● **AIM OF THE TASK**
Retype exactly what appears below from the line containing "Accesorios: incluye caja" down to the line containing "在养牛大户周瑞的牛舍旁,工作", keeping both end lines. Do not include pictures.

● **PROVIDED ENTRIES**
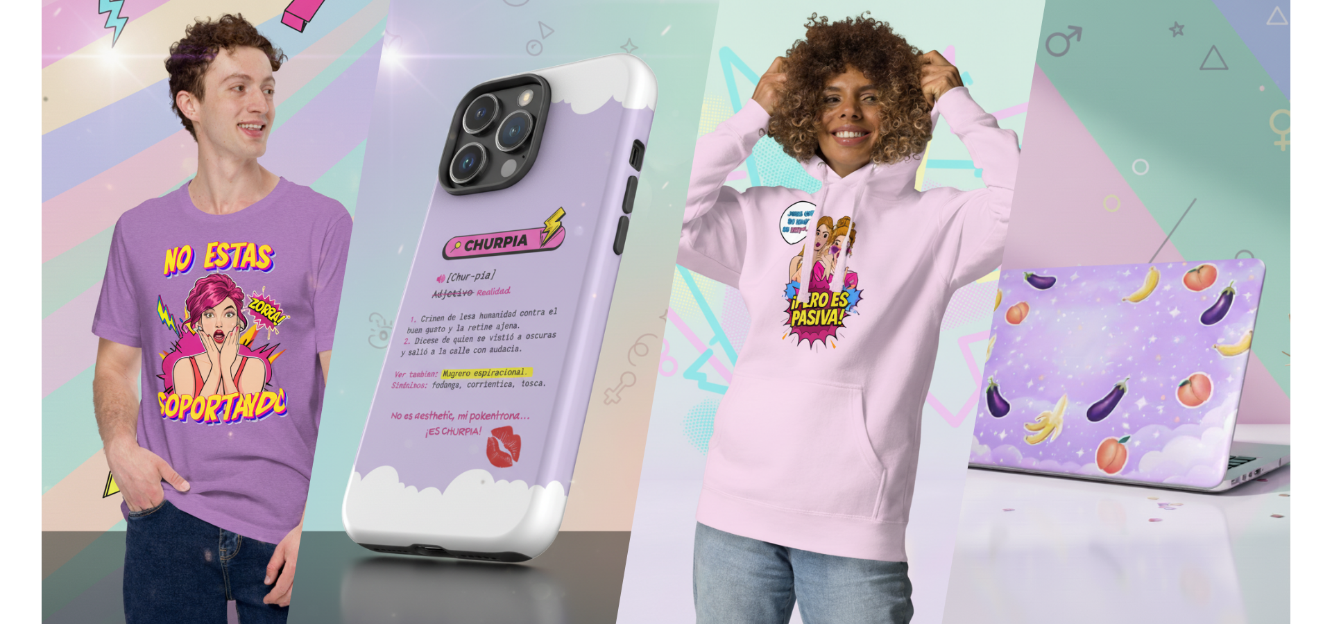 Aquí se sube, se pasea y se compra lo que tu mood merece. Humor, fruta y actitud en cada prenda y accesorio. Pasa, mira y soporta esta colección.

...

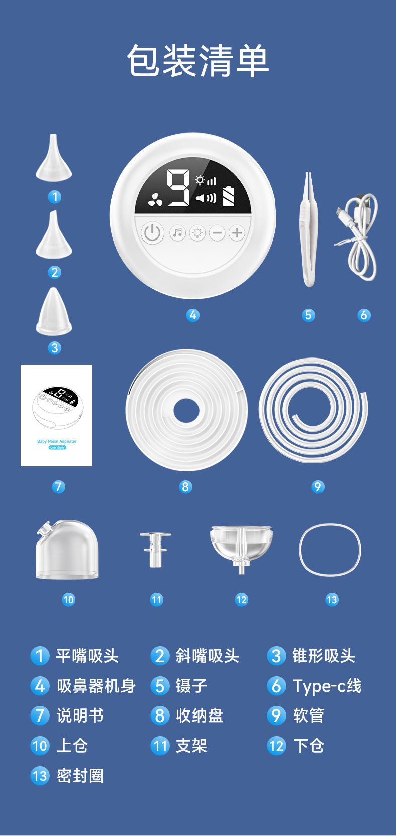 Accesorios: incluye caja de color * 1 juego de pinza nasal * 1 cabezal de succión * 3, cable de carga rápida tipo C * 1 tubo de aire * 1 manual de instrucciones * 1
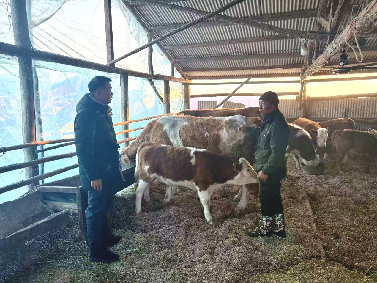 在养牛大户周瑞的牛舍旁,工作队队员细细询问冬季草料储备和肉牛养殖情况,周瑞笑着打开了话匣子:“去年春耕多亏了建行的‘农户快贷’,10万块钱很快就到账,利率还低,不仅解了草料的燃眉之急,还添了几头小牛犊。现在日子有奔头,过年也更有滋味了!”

● **RESULT FOR THIS EXERCISE**
 Accesorios: incluye caja de color * 1 juego de pinza nasal * 1 cabezal de succión * 3, cable de carga rápida tipo C * 1 tubo de aire * 1 manual de instrucciones * 1
 在养牛大户周瑞的牛舍旁,工作队队员细细询问冬季草料储备和肉牛养殖情况,周瑞笑着打开了话匣子:“去年春耕多亏了建行的‘农户快贷’,10万块钱很快就到账,利率还低,不仅解了草料的燃眉之急,还添了几头小牛犊。现在日子有奔头,过年也更有滋味了!”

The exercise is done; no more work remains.